Let’s talk triggers. The goal here is to not turn into Jack Torrance from The Shining.

I think the important point is to know what sets you off. If you can identify your triggers, then you can figure out what works best for you to manage them. I’m sharing the things that make me crazy and how I manage those, in no particular order.

If I Snooze, I Lose

I tend to be more stressed if I do not have time to prepare for my day. That may seem obvious to some extent; no preparation certainly equals more stress. However, I am not just talking about a work situation such as preparing for a presentation. I just mean preparing for the day in general. If I wake up just in time to get up and get to where I need to be, I feel like the day is just coming at me. If I hit snooze and do the ‘just in time,’ get up routine, I usually end up forgetting something extra that I would have caught if I’d gotten up earlier. That might be the day one of the boys needs to dress up for school and I forgot and now I’m pressed for time to make my first meeting. I have found that I need that mental and spiritual preparation for the day. I like to get up early to pray and read my Bible before my day starts. It just works better for me to set aside that time early. I have found that if I say I will do it later in the day, that plan is always thwarted.

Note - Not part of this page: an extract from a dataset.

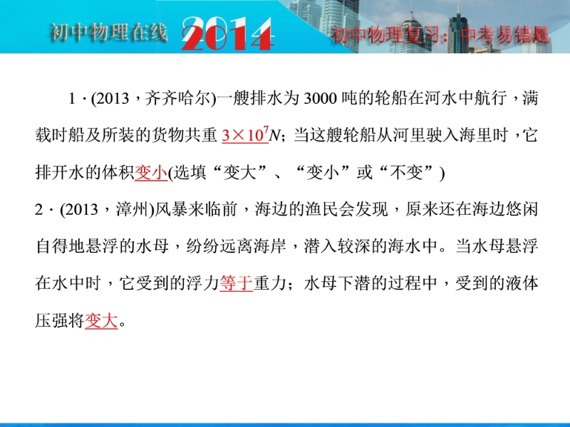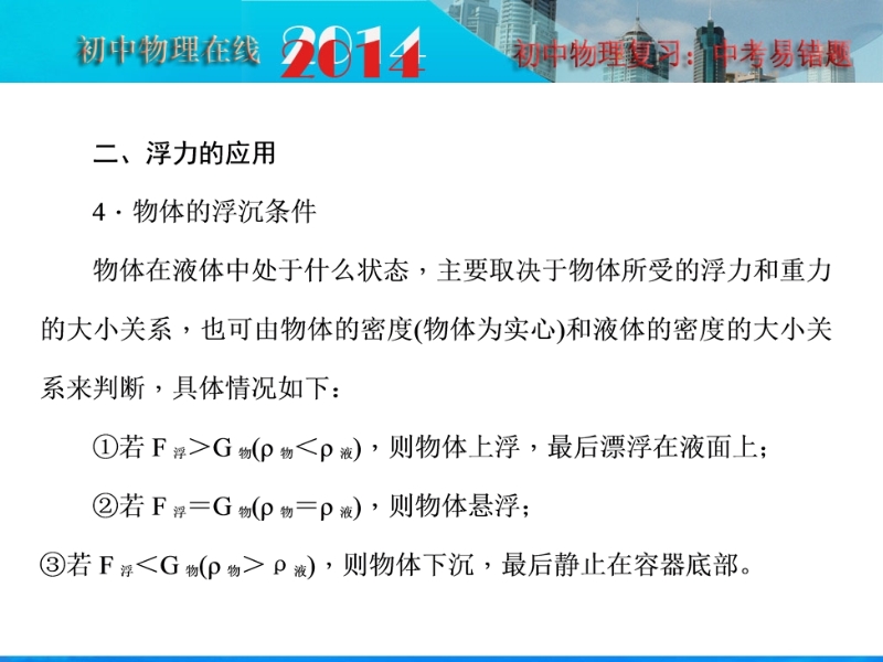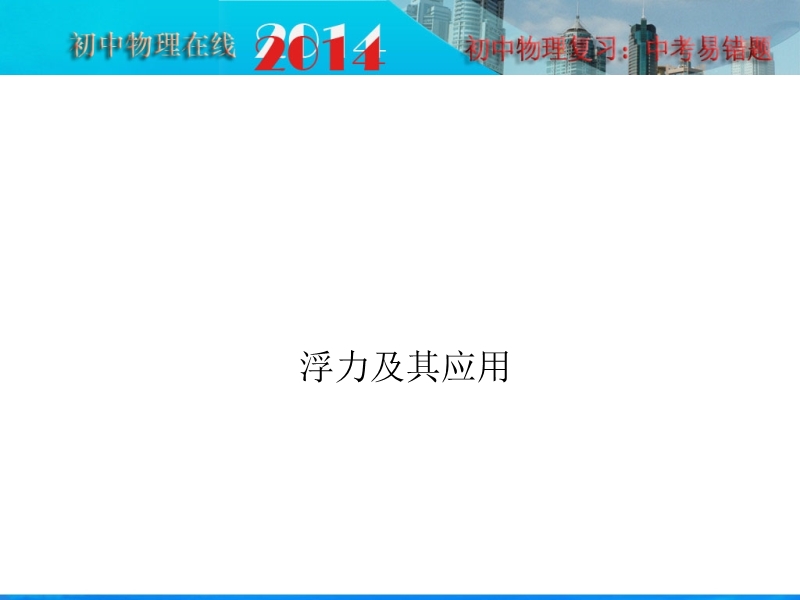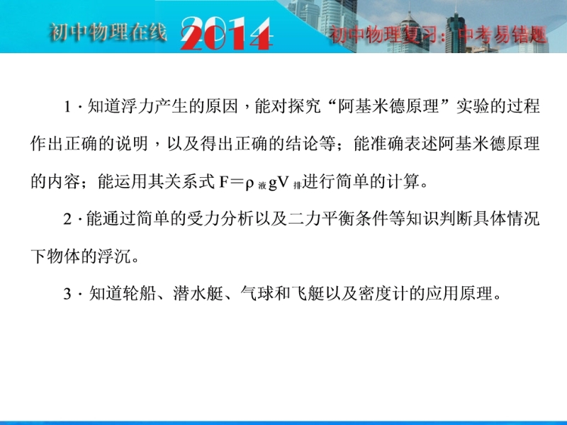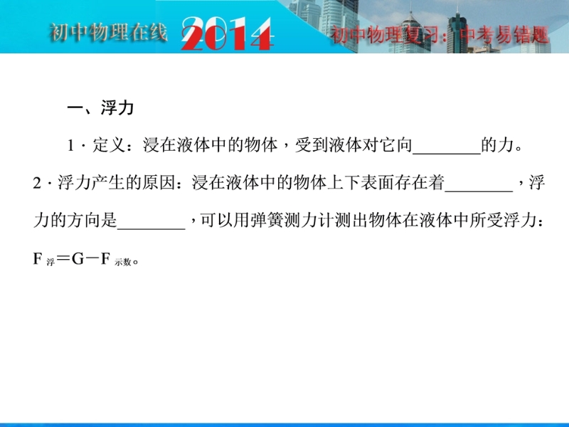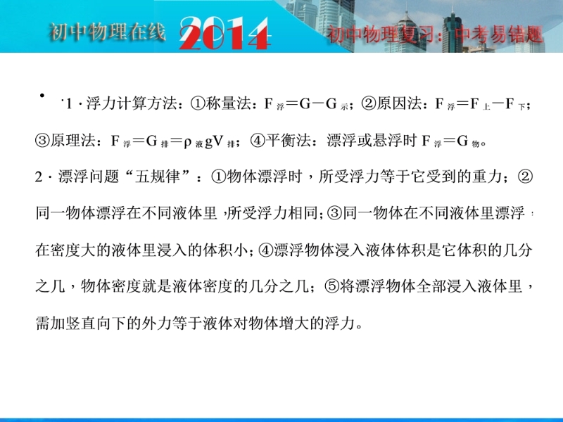 【内容简介】2014年人教版总复习(知识梳理+真题体验+考点透析+实验探究+易错档案):10.浮力及其应用,课件共32张ppt幻灯片,课件从四个环节组织复习:1.知识梳理:梳理本章重要知识点:“浮力及其计算 浮力的应用”2真题体验:精选了2011-2013年中考典型试题、同过解析提高学生运用知识的能力,3、考点透析;解读中考要点和热点,4、实验探究环节组织学生复习了本章的实验 5、易错梳理档案环节,组织学生回顾近几年中考,展示了中考易错题和容易出错的考点等

I need to be able to wake up, think about the day, get my thoughts together and spend some time praying, being engaged in worship and reading God’s word. Why is this important to me? For starters, I’m incredibly grateful for all that God has done for me so I want to be obedient and one of the things He commands of us is to read and study His word. His word guides me as the verse below from Psalm reminds me, providing instruction and wisdom that I need as I start my day. I often think to myself, if everything else goes downhill from here, at least I have taken the time to praise our wonderful God and that’s the most important thing! I also need perspective. As I head into a day that looks to be potentially overwhelming, sometimes it doesn’t seem like such a big deal after reading about Paul, for example, and his many challenges. When I get blind sided by something at work or the boys start acting out, I feel better prepared to respond appropriately. I certainly don’t have wisdom on my own to handle all that is thrown my way. That dedicated time in the morning before the craziness starts is time not only that I enjoy, but it is time that I need, and it makes me a better mom.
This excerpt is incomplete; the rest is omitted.